Part of the problem there is there are different approaches to how you can solve this. Do you send the raw UTF-8 text body encoded as quoted printable or Base64? Alternatively you could convert it to UTF-7? Or would it be easier to send the text as HTML, and use html entities for anything non-ASCII? Does that limit the number of clients that can read the mail? What about encoding of the headers like the subject or sender / receiver names (as in iconv_mime_encode())? There’s plenty of gotchas and clearly more than than you get by default with PHP’s mail function (that’s after you fixed your code for email injection). In other words taking a “not invented here” view is going to leave you with a big workload.

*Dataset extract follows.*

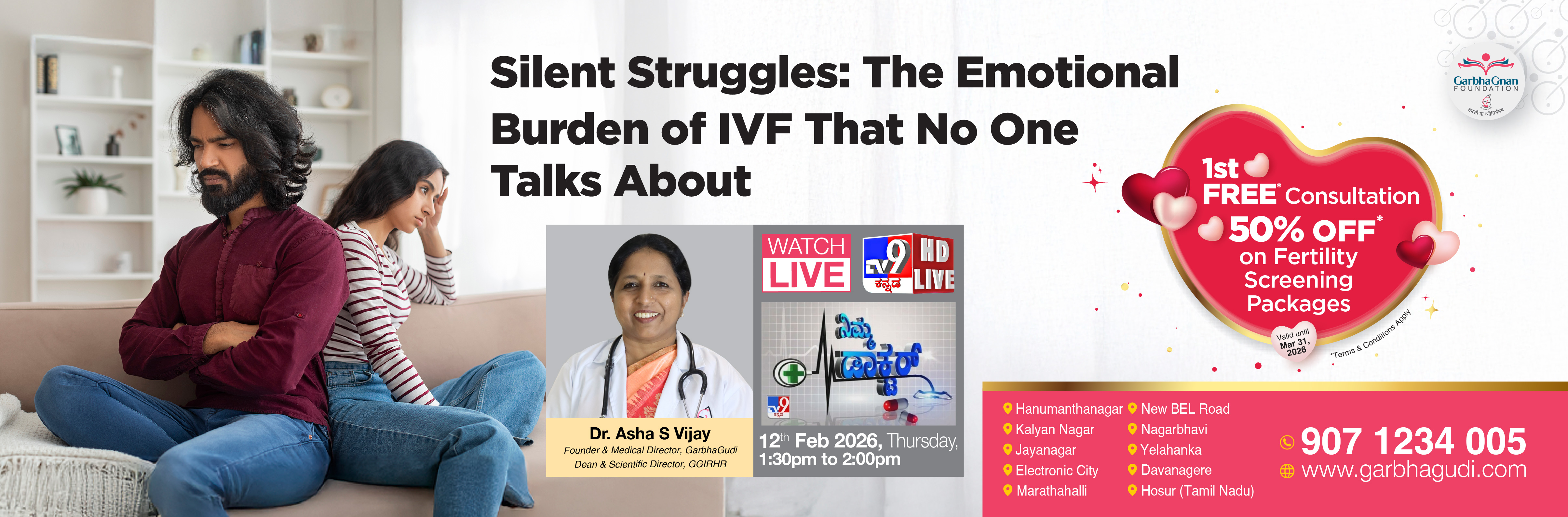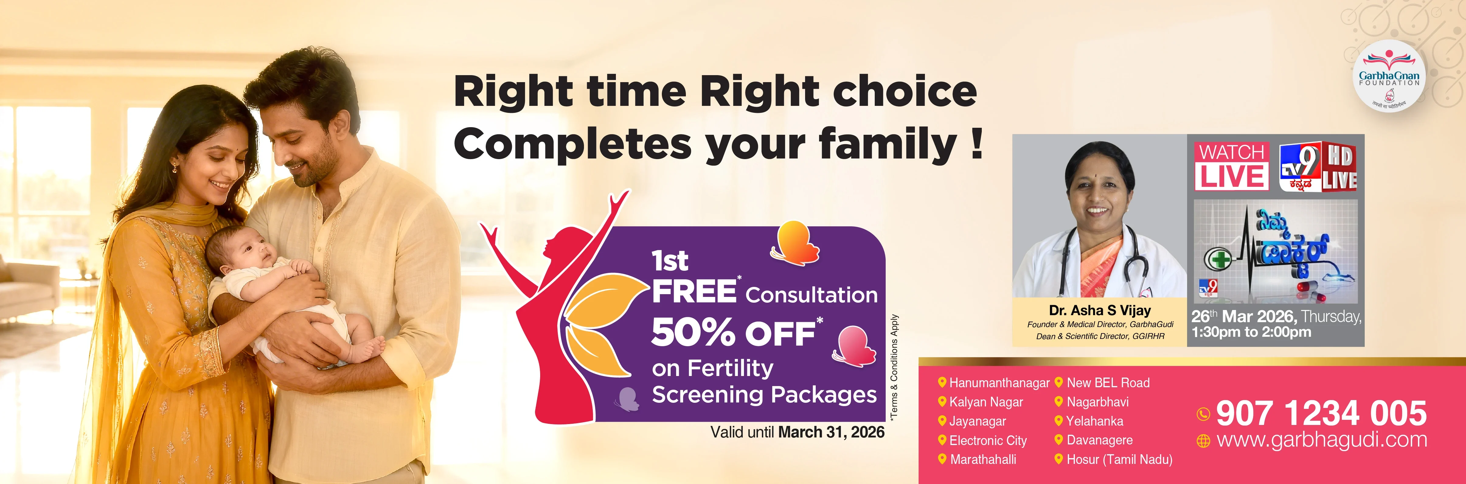 GarbhaGudi is a chain of new generation infertility treatment hospitals equipped with state-of-the-art infrastructure and cutting-edge technology to address this ever-increasing infertility problem. It was founded by a team of committed entrepreneurs and healthcare specialists, led by Dr. Asha S Vijay, a renowned gynaecologist and fertility specialist.

From browsing around the source (having been reminded by Jad Madi’s blog to take a look), the good news is it looks like eZ systems have this problem well solved. The ezcMail class, and related classes default to (assume) ASCII but you can explicitly tell it to use UTF-8 (note iconv is required) for subject, recipient, sender and body. In fact it’s a very impressive mail library all round, handling parsing as well as generating, multipart messages and all that.

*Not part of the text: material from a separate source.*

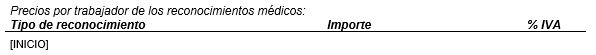 Subplantilla utilizada para mostrar las tarifas por trabajador de los reconocimientos médicos. Debe contener un marcador [INICIO] situado en la primera celda de una tabla de 3 columnas, teniendo el siguiente diseño:

It looks like you still need to know how to handle the body of the message (which leaves some open questions as to best approach) but headers are mime encoded for you automatically. If I’ve understood ezcMail right, the following (untested) example should illustrate the point, allowing it to be handled by MTA’s which aren’t 8-bit clean;
<?php // ... $mail = new ezcMail(); // There are automatically encoded using iconv_mime_encode $mail->from = new ezcMailAddress( 'email@example.com', 'Hans Gräser', 'UTF-8' ); $mail->addTo( new ezcMailAddress( 'firstname.lastname@example.org', 'Werner Dröge-Modelmog', 'UTF-8' ) ); $mail->subject = 'Ich bin spät...'; // Flag as UTF-8 - will also be automatically encoded with iconv_mime_encode $mail->subjectCharset = 'UTF-8'; // Encode the UTF-8 as base64 for 7 bit MTAs $mail->body = new ezcMailText( base64_encode('...noch 30 minuten bis Zürich'), 'UTF-8', ezcMail::BASE64 ); // Send the mail $transport = new ezcMailMtaTransport(); $transport->send( $mail );
Otherwise, a general question, which Patrice raised at the meeting last week, and I’d also be interested to hear opinions on: how much is the 7-bit limitation of SMTP still a problem today? Is 8BITMIME now so widely used that we can stop worrying about it?